AIM OF THE TASK:
Transcribe the listing that follows in full, omitting pictures.

RECORDED DATA:
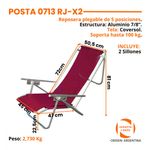 Abierta: Alto total 81 cm - Altura del piso al asiento 22,5 cm - Respaldo: Altura 72 cm - Ancho 50,5 cm - Asiento: Ancho 47 cm - Largo 45 cm.
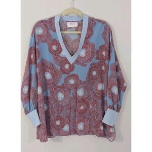 IVI Collection 100% Silk Blouse Light Blue Poppy Floral V neck Long Sleeve Sz 36
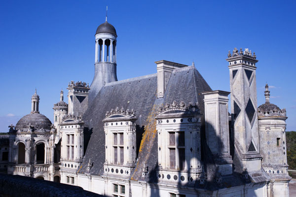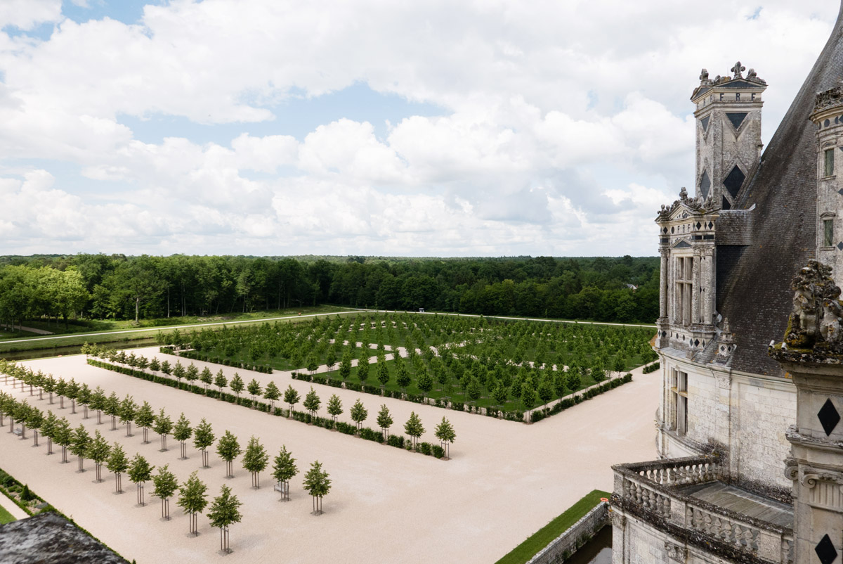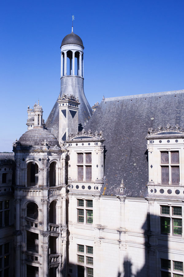 Au fur et à mesure des étages gravis grâce à l’escalier double révolution, nous voici sur les toits de Chambord, pour observer le parc et l’architecture majestueuse du lieu :

EXPECTED ANSWER:
 Abierta: Alto total 81 cm - Altura del piso al asiento 22,5 cm - Respaldo: Altura 72 cm - Ancho 50,5 cm - Asiento: Ancho 47 cm - Largo 45 cm.
 IVI Collection 100% Silk Blouse Light Blue Poppy Floral V neck Long Sleeve Sz 36
 Au fur et à mesure des étages gravis grâce à l’escalier double révolution, nous voici sur les toits de Chambord, pour observer le parc et l’architecture majestueuse du lieu :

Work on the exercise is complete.